Люська прыснула и сделала такую позу, что Сереге отчего-то и работать расхотелось. Еле-еле поборов беса, нарочито сурово буркнул:
— Не кривляйся. Гляди ему в глаза и руки вот так сложи. Чуть правее стань, а то и лица не видно… Стоп! Замри!
Серега быстро начиркал контур, разбросал тени и сказал:
— Одевайся. Вроде годится.
Люська, застегиваясь, поглядела из-за плеча на набросок.
— И чем же этот лучше?
— Смотри куда нужно, а не под ноги.
— А это правда, что у меня шея такая?
— Правда. Что есть, то и рисовал. Не нравится?
— Да нет, красивая уж очень. Я думала, она у меня толстая и короткая, а она наоборот…
— Тощая и длинная? — поддел Серега. — Нормальная у тебя шея. Только она у тебя не распрямлялась никогда. Привыкла вниз смотреть, на деньги, на бутылки, на штаны… А подняла голову, потянулась вверх — глядишь, и все о’кей.
— Почему это так, — задумчиво спросила Люська, присматриваясь к наброску, — вроде в зеркало сколько раз смотрелась, а не видела, что такая? Или ты уж приукрасил малость?
— Ничего не приукрасил. Все как есть.
— У меня же складки на пузе.
— Сказано тебе: это — когда гнешься. Вверх потянулась — и складки ушли. Хотя, конечно, всю твою полноту это не снимет. Только мне именно полная и нужна.
Серега унес последний набросок в мастерскую. Стоя перед холстом, прикидывал, примерялся…
«Отчего же «Истина» вышла так быстро? — размышлял Серега. — По сути, без замысла, по наитию, по озарению… Приложился, шлеп-шлеп — и готова. Импортный бизнесмен чуть с тоски не подох, когда не сумел купить… А эта, думанная-продуманная — и ни фига! Стою и сам себя боюсь. Выпить, что ли, как тогда, может, осенит? Навряд ли».
Люська вошла, посмотрела и разочарованно протянула:
— Ну-у… А я-то думала, он уж нарисовал чего-нибудь.
— Ишь ты! Какая скорая.
— Да я-то скорая! Я вон уже обед успела сготовить. Пошли, поешь, а то мозги ворочаться не будут.
Обедали. Люська готовила просто, но вкусно. Серега похваливал.
— Что же у тебя не ладится? — спросила она. — Вроде уж столько раз срисовывал!
— Как тебе сказать… Если б я портрет рисовал, так мне бы и одного наброска хватило. Но это — другое. Тут ты — не ты, а символ, понимаешь?
— И что же я символизирую? — поинтересовалась Люська.
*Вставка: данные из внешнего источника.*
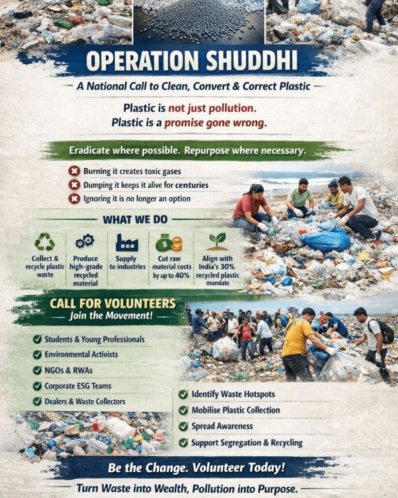 Operation Shuddhi is AVRO Recycling’s structured initiative to remove plastic waste from the wrong places and return it to the right system — responsibly, scientifically, and at scale.
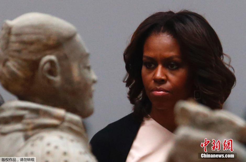 2014年3月24日,西安,美國“第一夫人”米歇爾抵達西安,根據行程安排,他們一行將參觀秦始皇兵馬俑并登上城墻,感受千年古都的魅力。

Серега задумался. Это для Люськиного интеллекта преподнести было трудно, даже невозможно.
— Хороший ты символ, хороший…
— Люська посветлела и чмокнула его в щеку.
Серега снова вернулся в сараюшку и начал наконец-то работать. Теперь он решил зайти с другого бока, сделать то, что уже улеглось, утвердилось, впечаталось в мозг как неоспоримое. Это не стоило долгого труда. Все ложилось на холст как бы само собой, краски легко смешивались и приобретали те оттенки, которые были нужны, мазки он клал так, будто уже заранее знал, где они должны находиться. Но в центре, там, где было Главное, все еще зияло белесое пятно. Он знал: там должны быть Женщина и Распятие, но как они впишутся — Бог ведает!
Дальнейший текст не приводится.